Le 28 mars Marc Liebens achevait à Genève la mise en scène des « Théâtres de Marguerite Duras ». Il y est décédé le 3 avril. Il avait 73 ans et une vie entière de théâtre derrière lui.
Marc Liebens a été celui par qui le théâtre a changé en Belgique. De l’expérience fondatrice du Théâtre du Parvis à Saint Gilles en 1970 jusqu’à ses dernières mises en scène en Suisse en passant par l’Ensemble Théâtral Mobile, Liebens a été le créateur d’une modernité radicale. La « radicalité » voilà bien le mot qui convient à Marc. Il résume l’exigence extrême qu’il imposait à son travail, à ses acteurs, à ses amis…et à lui-même. Metteur en scène ou mieux encore intellectuel ayant choisi le théâtre pour interpeller l’histoire, les hommes et aussi – et même surtout les femmes-, les sociétés et les mythes, il a été le « point fixe » pour toute une génération. Comédiens ou metteurs en scène, la plupart de ceux qui, à partir des années 80, ont installé le nouveau jeune théâtre en Belgique lui sont redevables. Ils avaient généralement travaillé avec lui. Dès l’ouverture du Parvis, Liebens fixait le cap : « Le théâtre n’est pas là pour rassembler les gens mais pour les diviser, disait-il. Du moins, il est là pour les rassembler sur le plan de la qualité, mais quant au contenu, il doit forcer les spectateurs à réagir en sens divers, par le jeu de la réflexion et de la discussion. »
Radicalité encore dans le choix des auteurs : Pasolini, Bernhard, Müller qu’il fait découvrir au public francophone. Mais aussi les auteurs de chez nous: Louvet, Piemme et bien sûr Michèle Fabien qui fut sa compagne, elle qui nourrissait aussi cette radicalité par des textes qui semblaient ressurgis du théâtre antique. Au fur et à mesure qu’il avançait dans son œuvre, Liebens approchait de l’épure. Pour exalter l’écriture, pour cerner le sens des mots, il évoluait vers une sorte de nudité féconde de la scène pour donner toute leur force aux voix et aux corps des comédiens. Cet intellectuel exigeant s’était construit sur une connaissance approfondi de la théorie qu’elle soit littéraire, théâtrale, philosophique, politique ou idéologique. Avec lui – et son « double » du théâtre du Parvis, Yvon-Marie Wauters (disparu en 2006),- après la scène, les débats ne s’éteignaient qu’à la lumière du jour. Ils étaient toujours passionnés, parfois virulents et même violents mais d’une densité que je n’ai jamais retrouvée ailleurs. Ils n’ont jamais cessé et ils n’excluaient pas l’humour fracassant dans une amitié irremplaçable.

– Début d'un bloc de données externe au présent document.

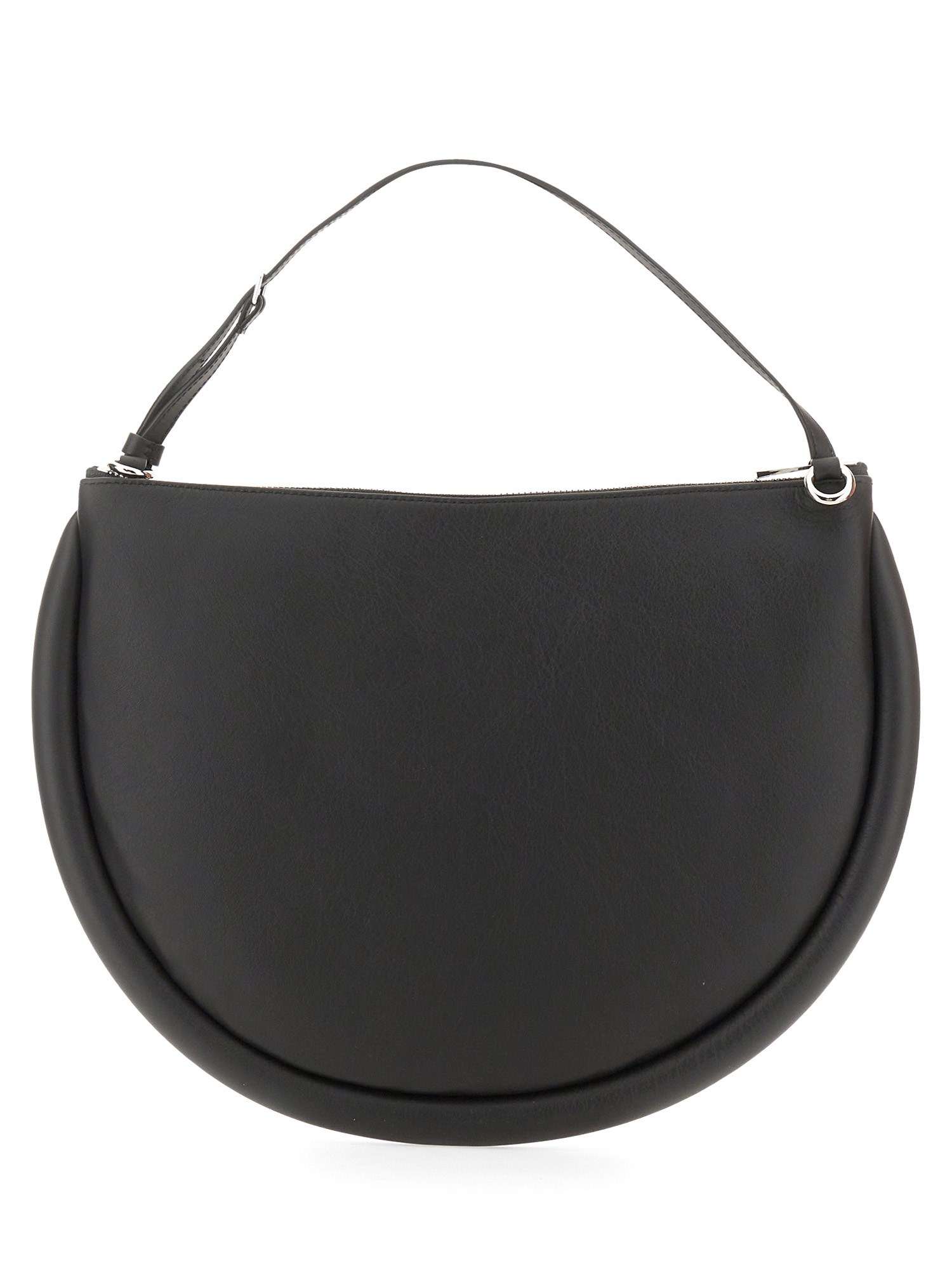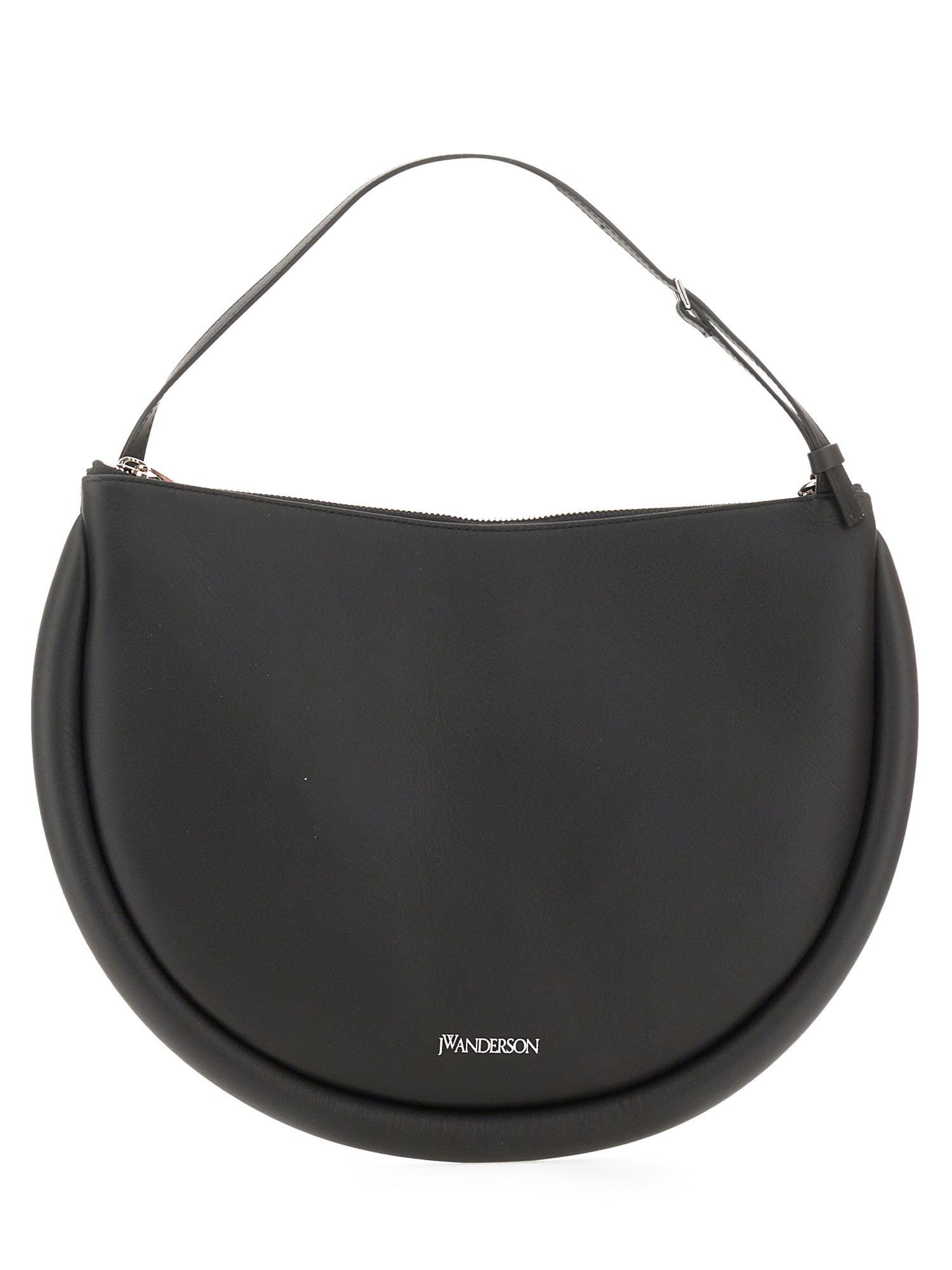 The Bumper-Moon midi shoulder bag from JW Anderson is a highly-detailed design that is the perfect mix of whimsy and functionality. It features an adjustable and removable logo shoulder strap with an adjustable top handle. The bag has a zip closure and a lined inner pocket. It is adorned with a front logo and silver finish metal accessories.

Marc Liebens a quitté le monde, la tête encore pleine de projets. Il savait pourtant que le temps lui était compté. Mais il en parlait avec sérénité. Il y a quelques semaines il me disait son sentiment d’avoir accompli l’essentiel de ce qu’il souhaitait et d’avoir vécu pleinement une vie intellectuelle et affective d’une richesse rare. Son seul regret était de laisser-là sa compagne, la comédienne Barbara Baker et leur jeune fille Carlotta. C’est auprès d’elles qu’il avait trouvé l’apaisement. C’était sa dernière leçon : ne rien concéder à la radicalité qui avait fondé son œuvre mais la vivre apaisé.